9-1-1 Emergency operators will have to undergo increased training under legislation approved by a State House Committee Tuesday morning in Tallahassee. The legislation was inspired by the preventable death of Denise Amber Lee, a Sarasota woman kidnapped and murdered in 2008.
The young mother was abducted in January 2008. Surprisingly she was able to use her kidnapper’s cell phone to call 911. A second 9-1-1 call came from a motorist who saw Denise stretched out in the back of a car.
The hitch came when the calls were not relayed to police by an untrained operator. By some accounts, the kidnapper drove past at least three police cars who could have saved Denise.
Denise’s mother-in-law teared as a House committee debated a bill to require training. Police and sheriffs question the cost of additional training. So do some lawmakers like Representative Bill Proctor of St. Augustine..

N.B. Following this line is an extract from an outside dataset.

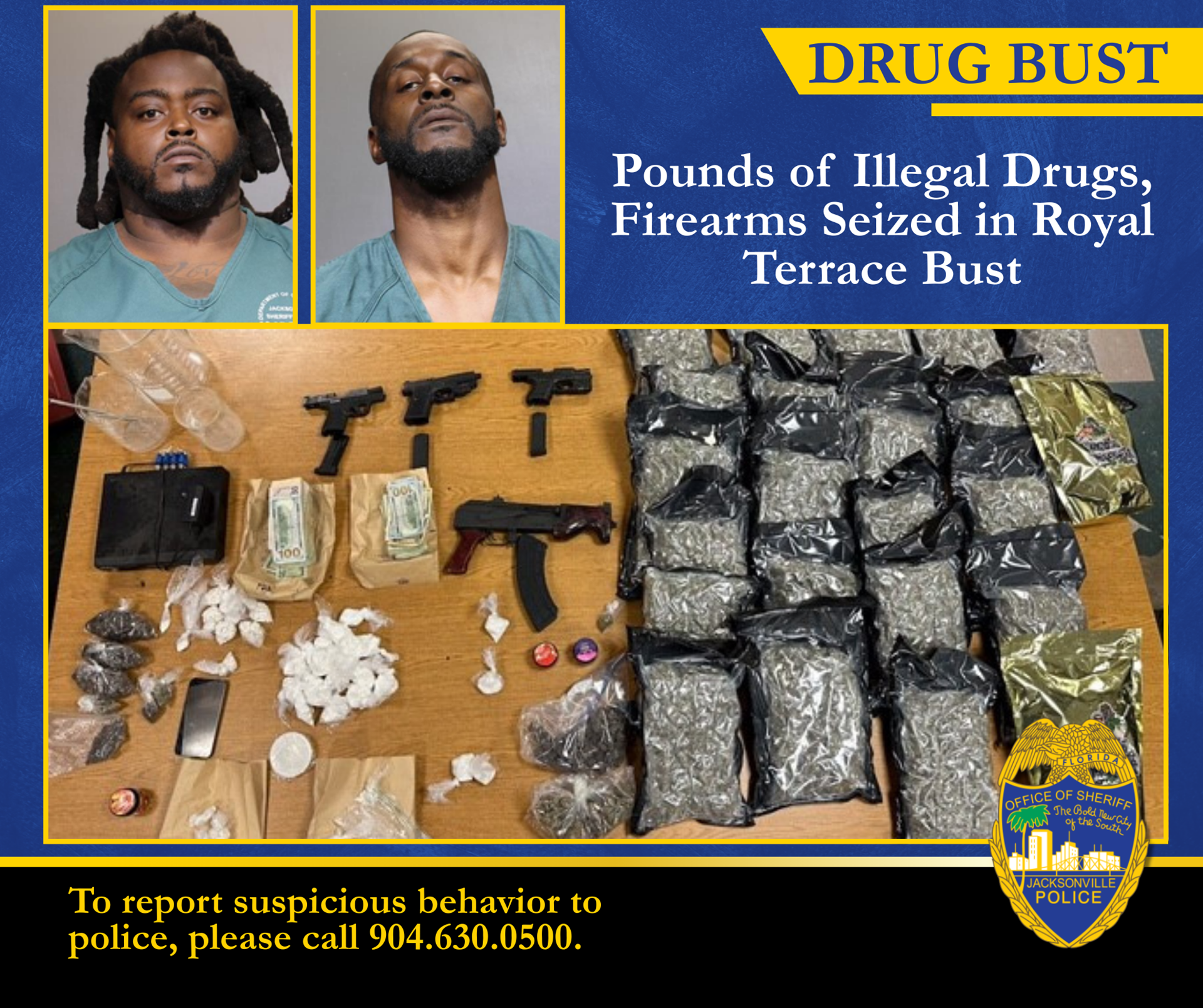 November 25, 2025 - Two convicted felons are facing more felony charges after Jacksonville Sheriff's Office (JSO) Narcotics detectives uncovered several pounds of illegal drugs inside a house in the Royal Terrace area of Jacksonville.

“I want to be assured that there is no cost, that it is financially neutral.”
Sponsors say what is not acceptable is calling 9-1-1 and getting a different response, depending on what part of the state you’re calling from.

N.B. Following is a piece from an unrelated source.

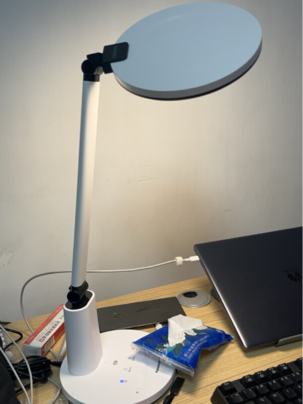 儿童护眼灯推荐哪款?松下致皓台灯外观质感十足,简洁的圆形灯头直径约15厘米。它配备了91颗松下自主研发的灯珠,采用侧发光设计,结合导光板实现多次折射,使光线更加均匀柔和。光照覆盖范围较广,最高可达约1米,适合需要大范围桌面照明的场景。不过,该款台灯未采用全光谱光源,色彩还原度稍显不足,对专业色彩需求较高的用户来说可能不太适合。材质方面,致皓使用ABS塑料外壳,具有良好的抗冲击性能,日常使用中不易损坏,且整体重量较轻,便于搬动和调整。
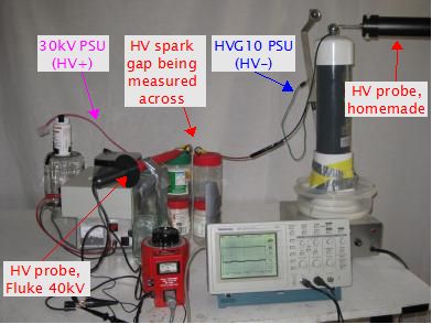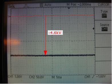HV probe connected to the oscilloscope's channel 1 to measure the positive

15 other states already have similar laws on the books and Richard Pinsky of the Emergency Operators Association that won’t cut it..

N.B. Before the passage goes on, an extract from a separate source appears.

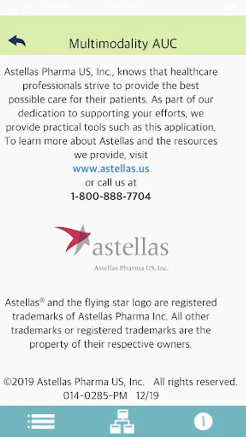 Some authors of the publication on which this app is based have a financial relationship with Astellas. Financial compensation from Astellas was not received in relation to the creation of the 2013 Multimodality AUC publication.
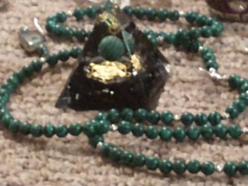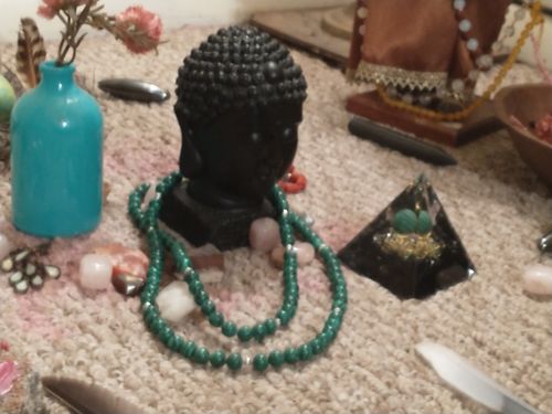 The Malachite Mala adorns the Buddha on my altar. Beside the Buddha is the beautiful Orgone Pyramid with its Geometric shapes inside the pyramid. I love them both.

“Florida is certainly lagging behind in that regard.”
And there were more tears when the bill passed, tears from Peggy Lee, Denise’s mother in law.
“This is about saving future lives and we just don’t want this to happen to anybody else.”
Mark Lee, her father in law, says there is a cost.
“When you hear about the costs, you know, we all know what the cost is, it’s a lost life.”
Michael King has been sentenced to death in the case. A Senate Committee hears similar legislation Thursday, but in tight budget times, passage is not a sure thing.